=== Listed records ===
====================
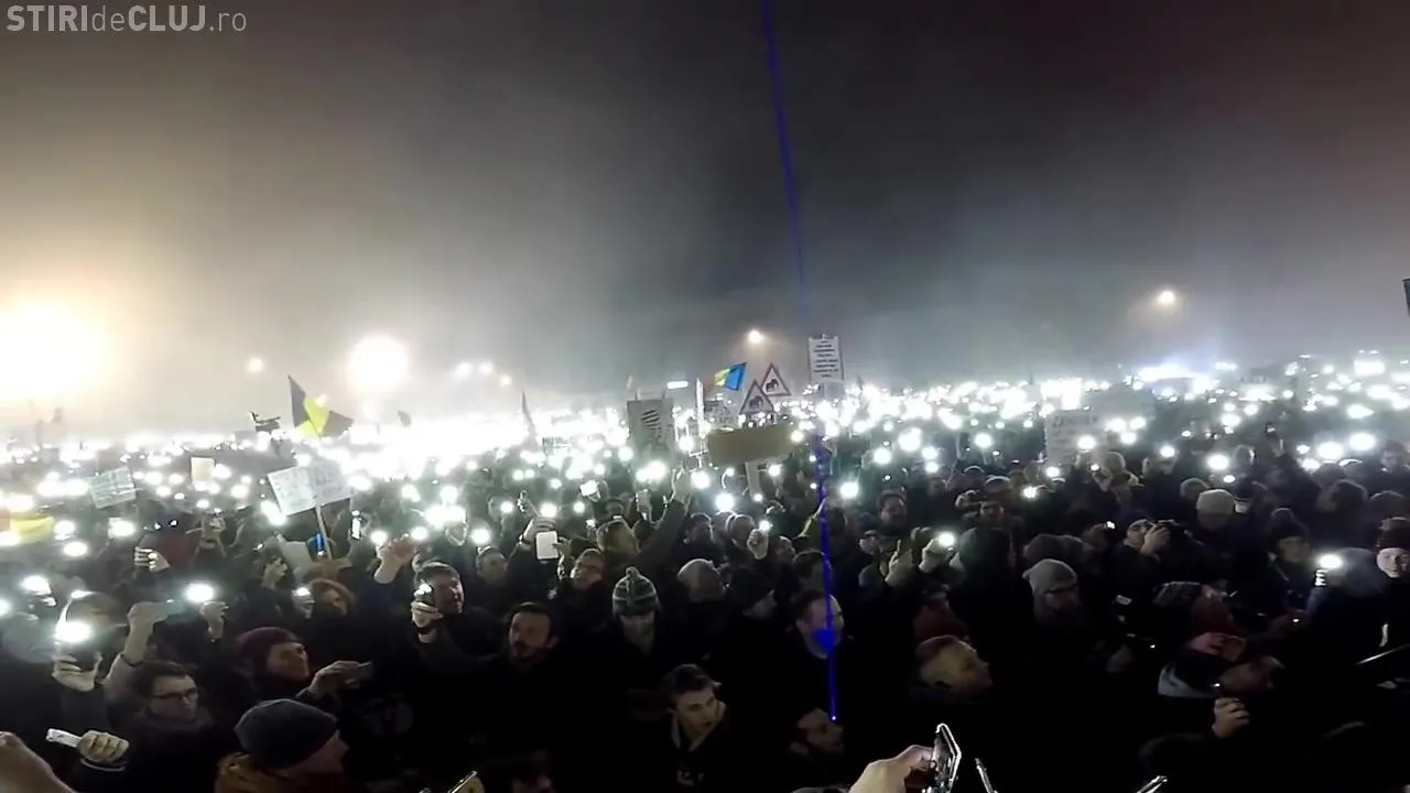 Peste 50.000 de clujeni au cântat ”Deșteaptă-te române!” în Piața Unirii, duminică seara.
====================
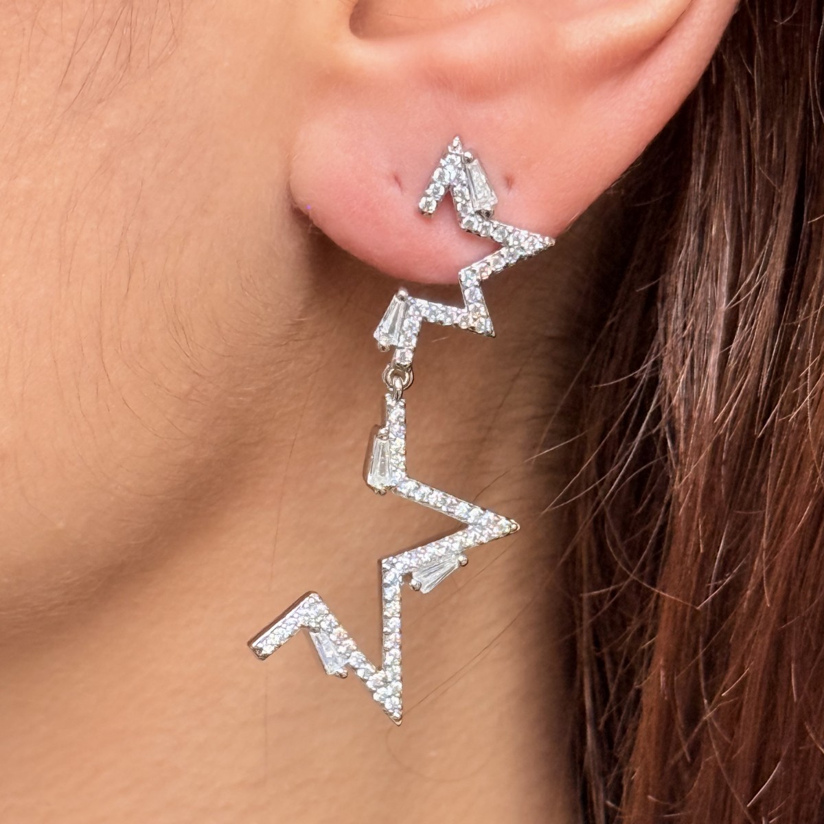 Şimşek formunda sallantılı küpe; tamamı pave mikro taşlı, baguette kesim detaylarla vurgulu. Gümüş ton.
====================
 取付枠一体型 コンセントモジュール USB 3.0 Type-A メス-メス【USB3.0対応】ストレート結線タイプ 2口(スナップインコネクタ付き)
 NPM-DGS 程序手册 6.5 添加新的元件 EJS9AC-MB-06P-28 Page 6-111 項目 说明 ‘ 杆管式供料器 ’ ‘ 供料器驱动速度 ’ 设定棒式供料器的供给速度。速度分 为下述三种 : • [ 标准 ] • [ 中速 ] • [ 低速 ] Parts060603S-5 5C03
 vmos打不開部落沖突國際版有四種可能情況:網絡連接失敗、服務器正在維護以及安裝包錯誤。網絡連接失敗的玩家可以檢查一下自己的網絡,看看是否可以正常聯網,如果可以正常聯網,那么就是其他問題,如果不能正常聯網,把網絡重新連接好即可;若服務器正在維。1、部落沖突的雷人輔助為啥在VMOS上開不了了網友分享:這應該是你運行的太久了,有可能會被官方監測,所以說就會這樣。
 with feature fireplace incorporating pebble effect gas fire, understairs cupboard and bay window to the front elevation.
====================
=== Exercise objective ===
From the records above, transcribe exactly the run of lines that opens with the line holding "vmos打不開部落沖突國際版" and closes with the line holding "with feature fireplace", both included.

=== Answer box ===
 vmos打不開部落沖突國際版有四種可能情況:網絡連接失敗、服務器正在維護以及安裝包錯誤。網絡連接失敗的玩家可以檢查一下自己的網絡,看看是否可以正常聯網,如果可以正常聯網,那么就是其他問題,如果不能正常聯網,把網絡重新連接好即可;若服務器正在維。1、部落沖突的雷人輔助為啥在VMOS上開不了了網友分享:這應該是你運行的太久了,有可能會被官方監測,所以說就會這樣。
 with feature fireplace incorporating pebble effect gas fire, understairs cupboard and bay window to the front elevation.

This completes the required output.